9/3/06

here's to life

we’ve haven’t spent a hell of a lot of time here, but we’ve learned enough about the real world to know that it is nothing like what we came to expect. there is no panning, no zooming, nothing gets framed or cropped, nothing is well-lighted. when you meet a girl’s gaze from across the room, no music plays, nothing slows down. when you raise your voice, the other person doesn’t wait for you to finish any more than you have any idea the next word that will come out of your mouth. when you pull the trigger, nothing explodes, no sparks fly, there’s just a dull, deafening crack, and the person you were aiming at is either dead or getting there pretty damn fast. and no, it probably wasn’t his last day before retirement, and no, he isn’t going to get to tell his wife he loves her with his last breath. he’s just dead.

in this place, this life we call home, not the one we wish we were in, with the good lighting and the clever script, but the one where we sit in traffic and go to meetings and die of everyday, boring diseases like heart disease, the moments that define our lives are gone before you realize they were happening, before you realize that that was the time you were supposed to say the line, to have the answer, to reach out and grab her and kiss her and never let her go. either you did it or you didn’t, and no amount of preparation could have made you ready for it, just as no amount of thinking about it afterward will change it. but oh, you’ll think about it, yes, because these moments are the critical corners in the road that makes up our lives: you’ll always remember the intersection, and you’ll dig in your head for years to find out why you chose to go left instead of right, and you’ll constantly wonder what your life would have been like if you would have gone the other way, but none of that will matter, because the truth of the matter is that you went left and you’ll never get to go back there again.

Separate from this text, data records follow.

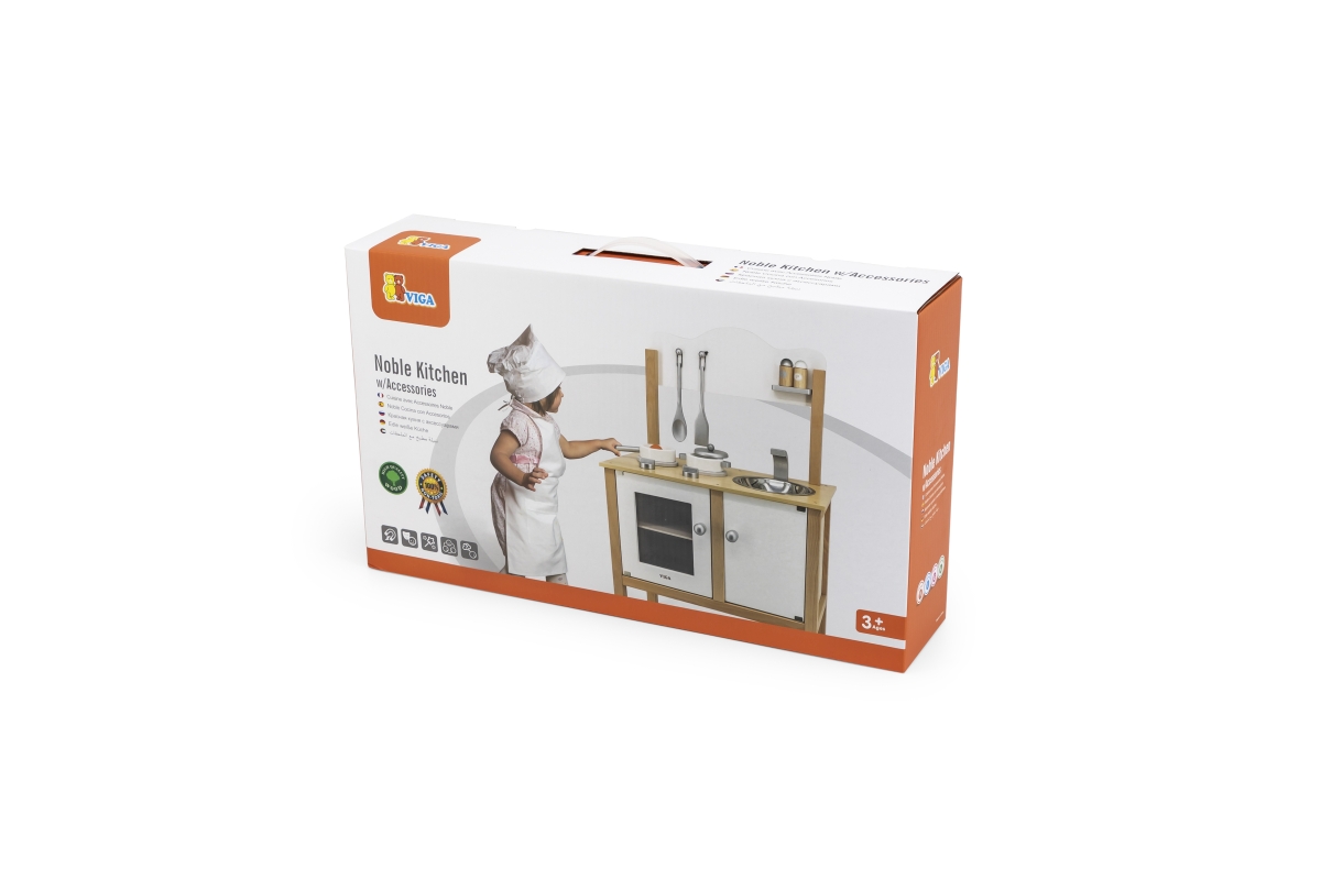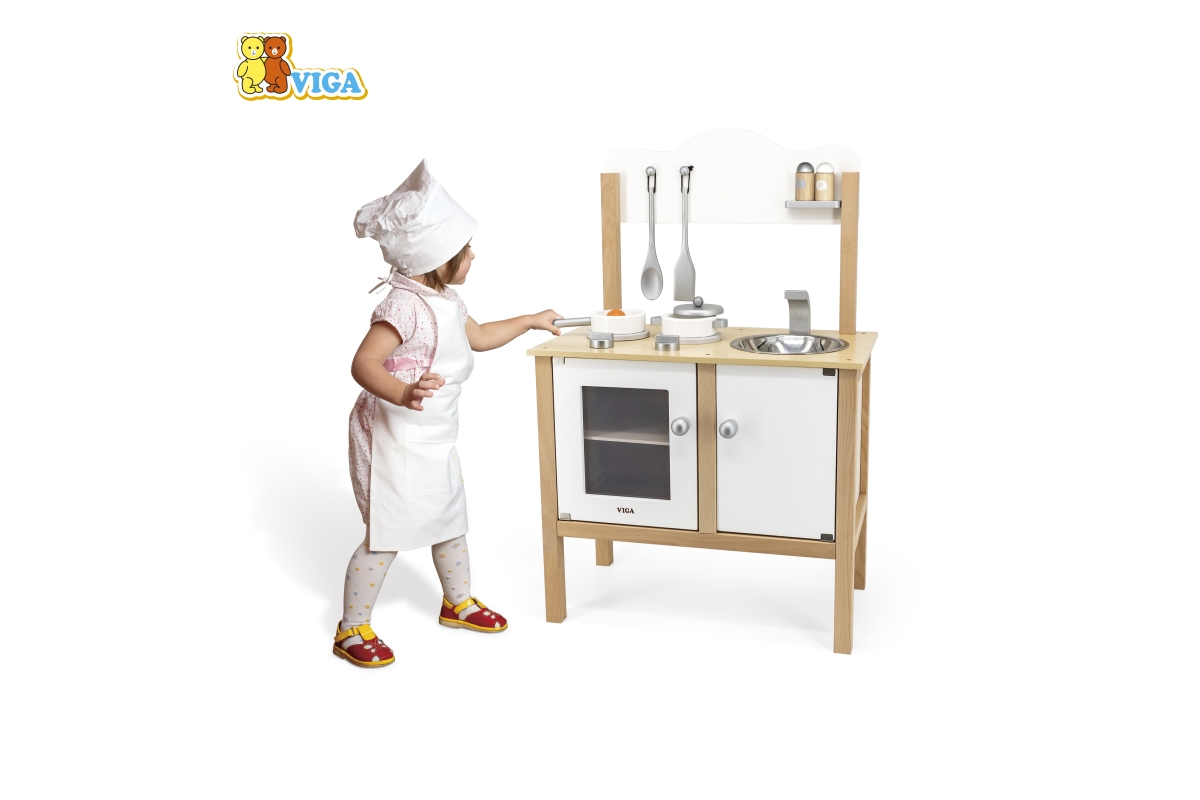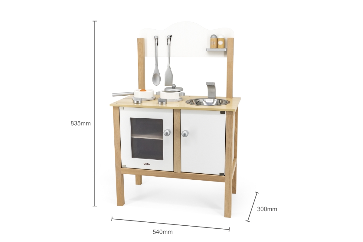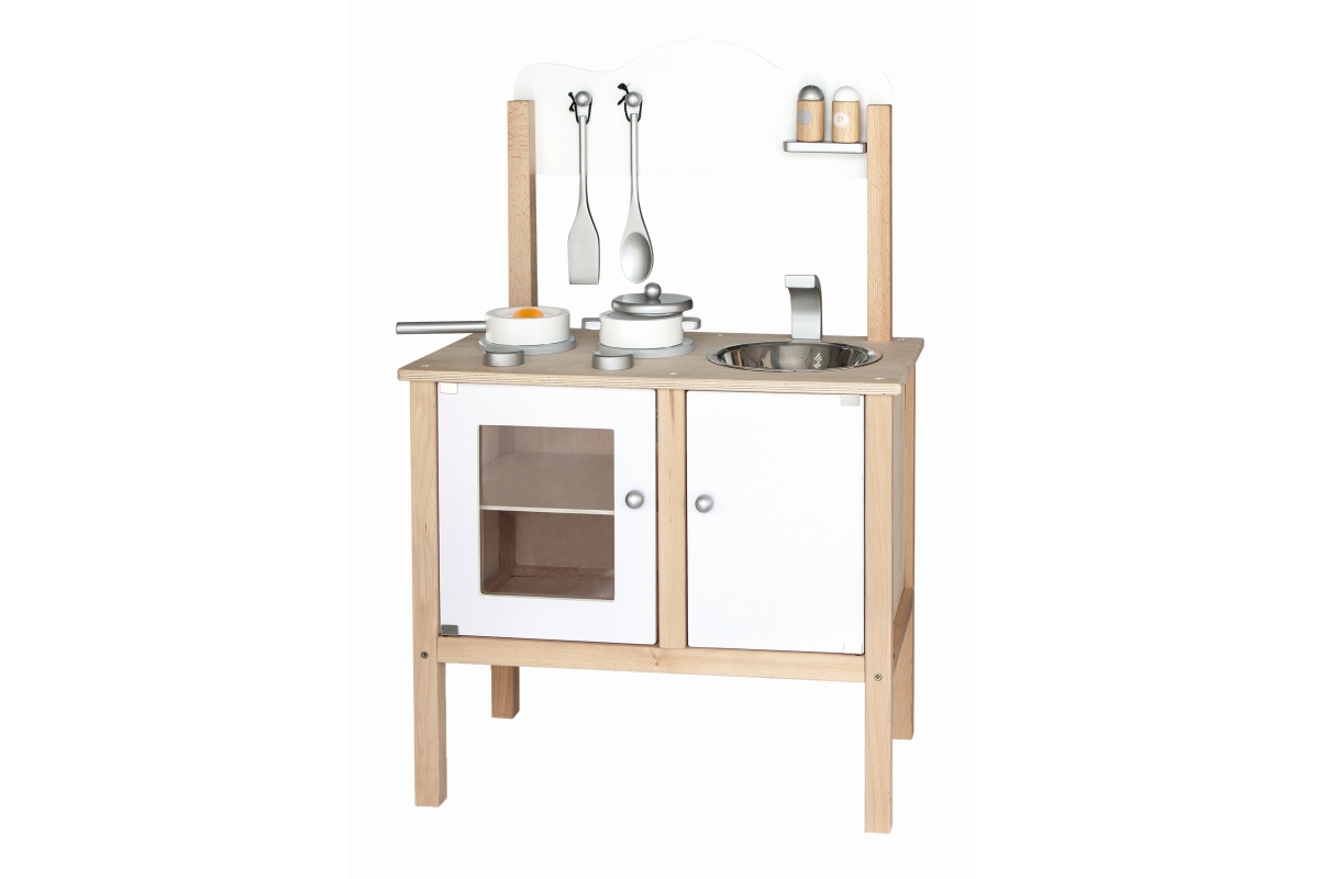 Dřevěná kuchyňka se sporákem, skříňkou a dřezem. Součástí je nádobí a doplňky. Rozměry kuchyňky cca 54 x 83,5 x 30 cm. Rozměry balení cca 56 x 33 x 1..
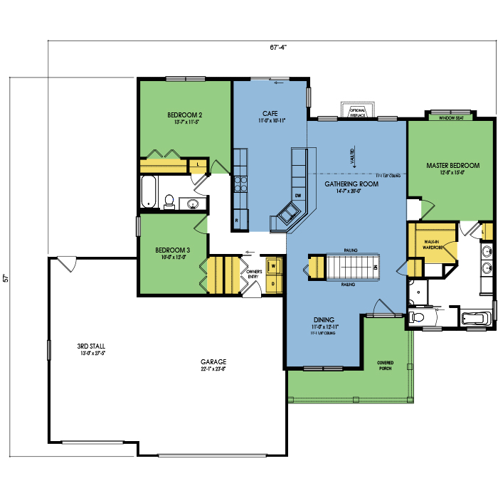 A part of our Family Series, the Voyageur floor plan features 3 bedrooms and 2 bathrooms, a 3 car garage, a footprint of 67x57 feet, and 1841 total square feet of living space. Floor Plan #FM104
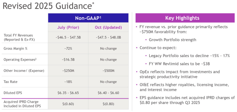 Angesichts dieser Zahlen hob das Management die Umsatzprognose für 2025 auf 47,5–48 Milliarden USD und die EPS auf 6,4–6,6 hervor, wobei betont wird, dass das Upgrade auf die Stärke des Wachstumsportfolios zurückzuführen ist. Wenn das Unternehmen das aktuelle Beat & Raise-Muster ein oder zwei weitere Quartale beibehält, müssen die Analysten die Umsatz- und Gewinnerwartungen für 2026+ nach oben revidieren und den angesetzten LOE-Rückgang reduzieren.
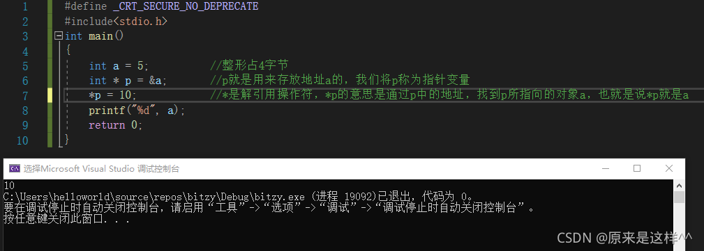 存放好地址后我们就可以解引用了 * , *是解引用操作符,*p的意思是通过p中的地址,找到p所指向的对象a,也就是说*p就是a
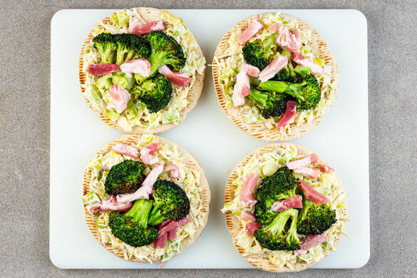 Den Lauch vom Herd nehmen und mit 1 kräftigen Prise Pfeffer würzen. Die Crème fraîche und den Käse unterrühren und den Käse-Lauch-Mix gleichmäßig auf 8 Pitas verteilen. Den Brokkoli und den Speck darauf anrichten.
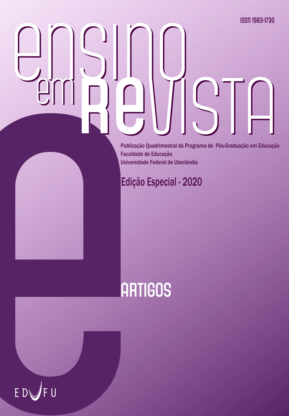 ATENÇÃO: Informamos que durante o primeiro semestre de 2021, a Ensino Re-Vista NÃO receberá artigos por fluxo contínuo. Nesse período, receberemos artigos SOMENTE para os dois Dossiês Temáticos, cujas chamadas estão em andamento.
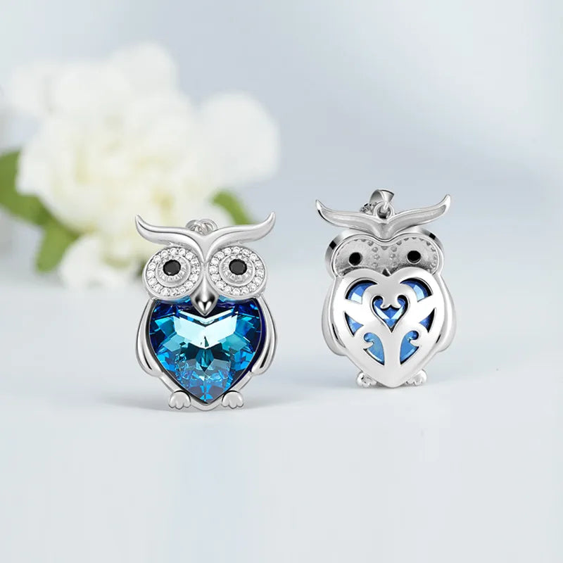 Owl Pendant Necklace for Women Crystal Inlaid 925 Sterling Silver Fashion Collarbone Chain Jewelry Accessories
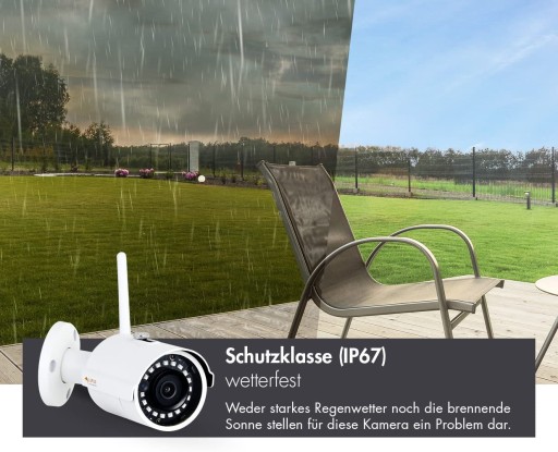 - Kamera ma kąt widzenia 100 °, rozdzielczość 3 MP (2048 × 1536 pikseli), 30-metrowy noktowizor, WiFi i kabel oraz jest odporna na warunki atmosferyczne.
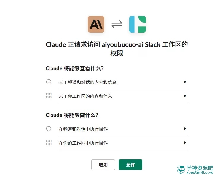 Slack 账号和工作区都准备好了就可以“一键安装 Claude”了。但现在你需要先准备一个美国 IP 的网络环境,然后「点击 Add to Slack 这个链接」即可在 Slack 里添加 Claude 机器人应用。看到对话框,点击“允许”给予权限即可,至此我们就已经全部搞定了,非常的简单!
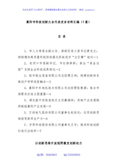 / (7篇)襄阳市科技创新大会代表发言材料汇编

and there’s nothing quite like that feeling when one of those moments just passed, while you’re standing there over a guy who, while it probably wasn’t his last day before retirement, is not going to get to tell his wife he loves her since she wasn’t around when he had his last breath, with the afternoon sun sort of glaring through the high windows and reflecting harshly off the tile floor and into your squinting eyes, with your ears ringing softly and the gun heavy in your clammy hands, that feeling that you just turned left when you should have turned right, that feeling that the last two and a half seconds will replay in your mind until the day you die.